While one of the stated rationales for the CSR law is to drive innovation, managers expressed to us their frustration that government rules and regulations increasingly dictated how they spent their corporate social responsibility budgets.

An example is the government telling CPSEs to build 2,500 toilet blocks as part of a national programme to improve basic sanitation throughout India (known as Swacch Bharat Abhiyan, or “Clean India Mission”). The managers were concerned political interference would force them to fund substandard and less-than-optimum projects.

The Statue of Unity memorial to freedom fighter Sardar Vallabhbhai Patel

Even less useful is the money CPSEs allocated from their CSR budgets to help pay for India’s Statue of Unity, the world’s tallest statue.

Five corporations (Oil and Natural Gas, Hindustan Petroleum, Bharat Petroleum, Indian Oil, and Oil India) contributed Rs146 crore (about $21 million) to the statue, a pet project of the ruling Bharatiya Janata Party (BJP) party that cost the nation about $430 million.

An auditor-general’s report to the national parliament said the project failed to meet the CSR law’s definition of an approved activity for protecting national heritage, art and culture.

Another instance where CPSEs have been accused of using corporate social responsibility expenditure to further the political goals of the government is in funding gaushalas – shelters for cows.

“It seems surprising that companies should see promotion of gaushalas as a concern which would lead to economic and social transformation of society,” says Pushpa Sundar, a development specialist and director of the Sampradaan Indian Centre for Philanthropy in Delhi.
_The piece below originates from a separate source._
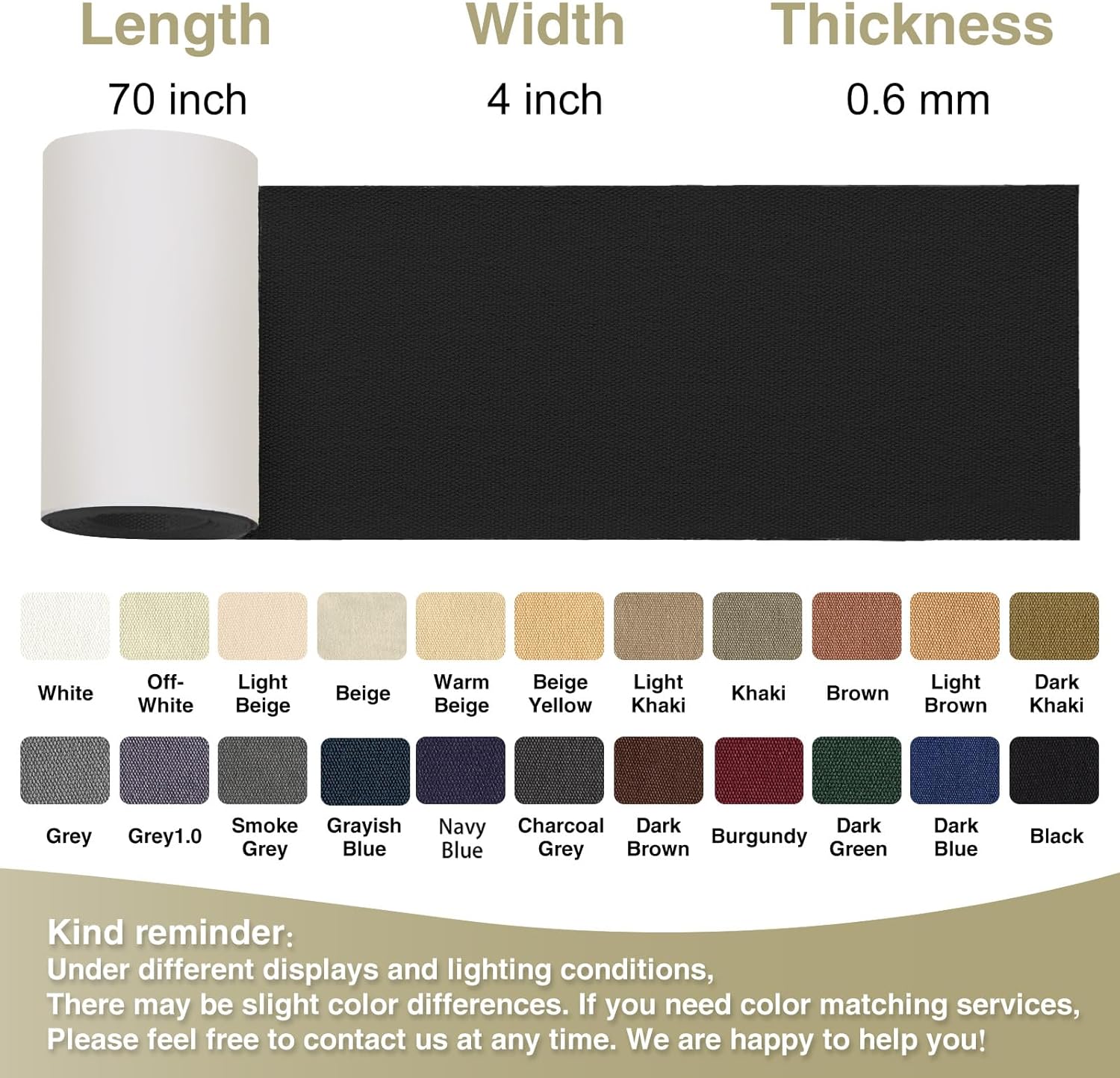 - Waterproof Cotton Canvas:Self-adhesive canvas outdoor repair tape is made of selected waterproof cotton canvas, strong texture, wear-resistant and scratch-resistant.0.6mm thickness is moderate, flexible, and can be tightly adhered to sofas, tents, and other indoor and outdoor items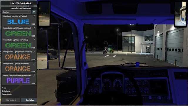 This mod provides interior cabin-light glow in choice of blue, green, orange, purple, red, and white.

“This, at a time when reducing child mortality received no funding and eradicating extreme hunger and poverty received only 6% of the total CSR expenditure.”

Utopian ideals

These issues raise serious questions about how much the CPSEs can deliver.

At this point the CSR law seems to be another utopian ideal hijacked by political interference.

In even the best of circumstances, forcing business enterprises to take on quasi-government roles and contribute to national development may be the wrong approach.

But in circumstances where the spirit and letter of the law is subverted by political interference, it’s even less likely the CSR law will make a meaningful contribution to national development.